**Action item**
Leaving out the images, repeat all the lines below exactly.

**Data block**

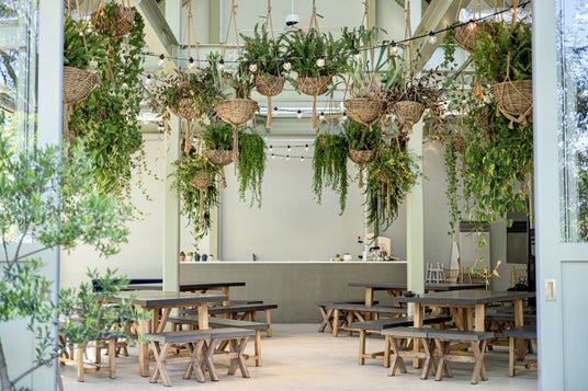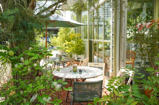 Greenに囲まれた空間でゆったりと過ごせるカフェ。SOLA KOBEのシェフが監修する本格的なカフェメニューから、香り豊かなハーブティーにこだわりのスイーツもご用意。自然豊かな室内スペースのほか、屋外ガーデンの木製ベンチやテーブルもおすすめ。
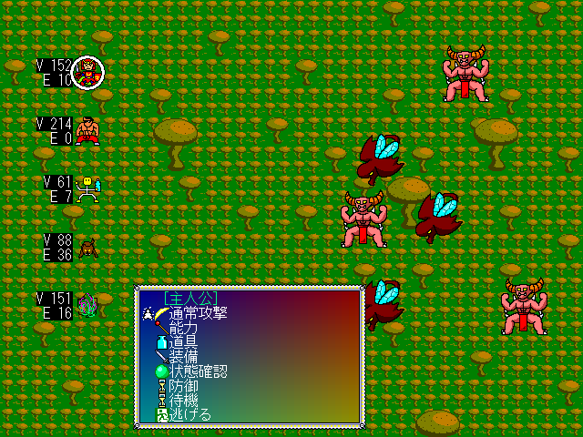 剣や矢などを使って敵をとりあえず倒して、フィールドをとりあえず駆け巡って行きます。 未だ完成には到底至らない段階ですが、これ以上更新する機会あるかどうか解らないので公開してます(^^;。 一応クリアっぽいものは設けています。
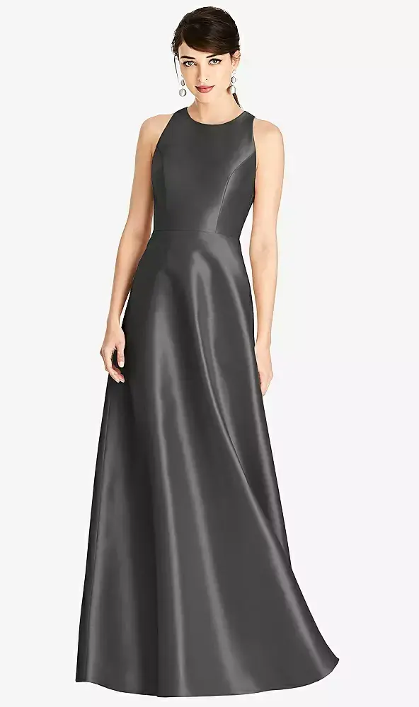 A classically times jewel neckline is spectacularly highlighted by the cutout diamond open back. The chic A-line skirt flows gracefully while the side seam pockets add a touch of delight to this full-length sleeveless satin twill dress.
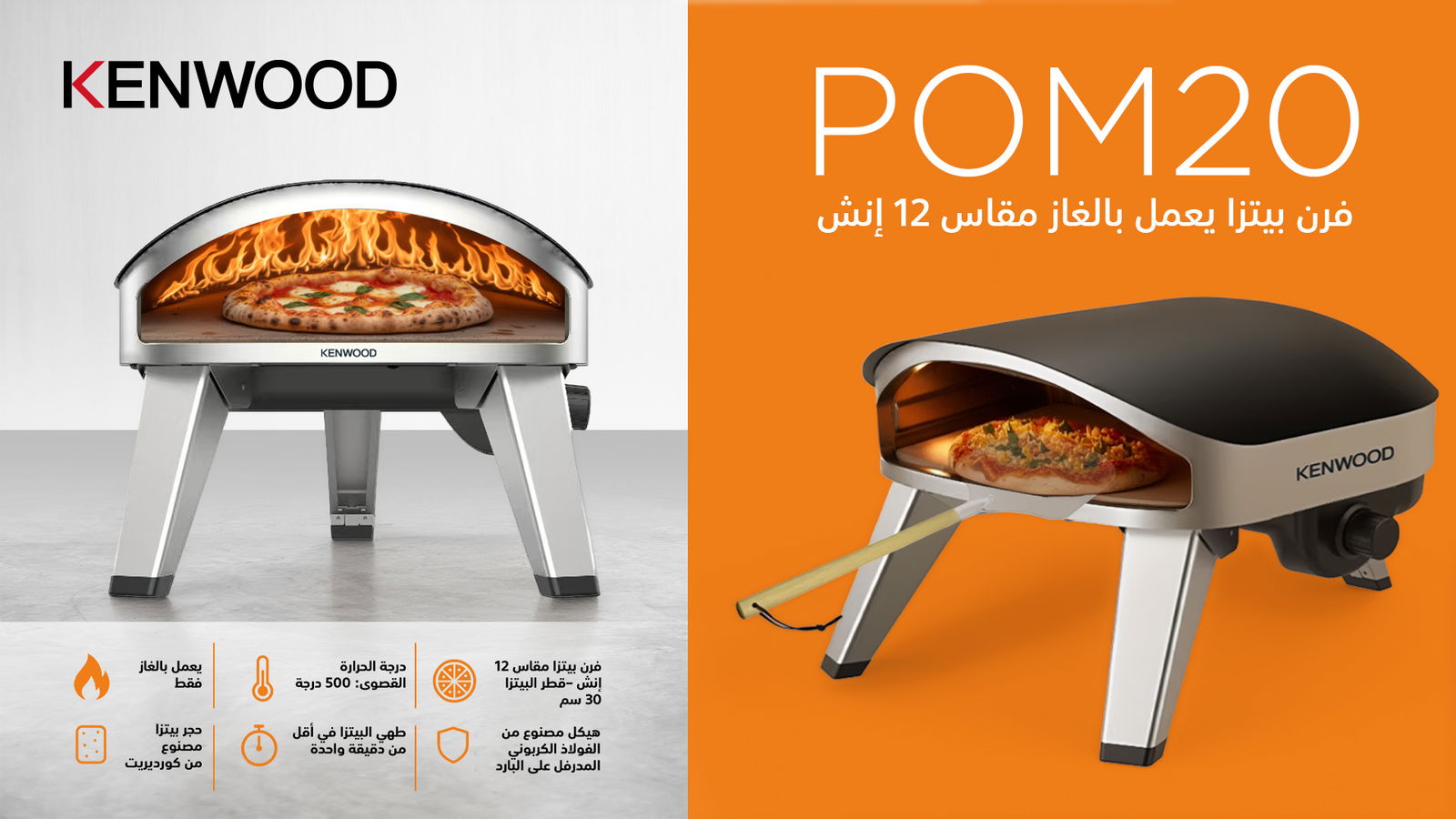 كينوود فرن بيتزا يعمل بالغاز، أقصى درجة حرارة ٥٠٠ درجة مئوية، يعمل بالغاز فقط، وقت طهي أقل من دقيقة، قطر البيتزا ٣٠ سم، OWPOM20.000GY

**Result of this task**
 Greenに囲まれた空間でゆったりと過ごせるカフェ。SOLA KOBEのシェフが監修する本格的なカフェメニューから、香り豊かなハーブティーにこだわりのスイーツもご用意。自然豊かな室内スペースのほか、屋外ガーデンの木製ベンチやテーブルもおすすめ。
 剣や矢などを使って敵をとりあえず倒して、フィールドをとりあえず駆け巡って行きます。 未だ完成には到底至らない段階ですが、これ以上更新する機会あるかどうか解らないので公開してます(^^;。 一応クリアっぽいものは設けています。
 A classically times jewel neckline is spectacularly highlighted by the cutout diamond open back. The chic A-line skirt flows gracefully while the side seam pockets add a touch of delight to this full-length sleeveless satin twill dress.
 كينوود فرن بيتزا يعمل بالغاز، أقصى درجة حرارة ٥٠٠ درجة مئوية، يعمل بالغاز فقط، وقت طهي أقل من دقيقة، قطر البيتزا ٣٠ سم، OWPOM20.000GY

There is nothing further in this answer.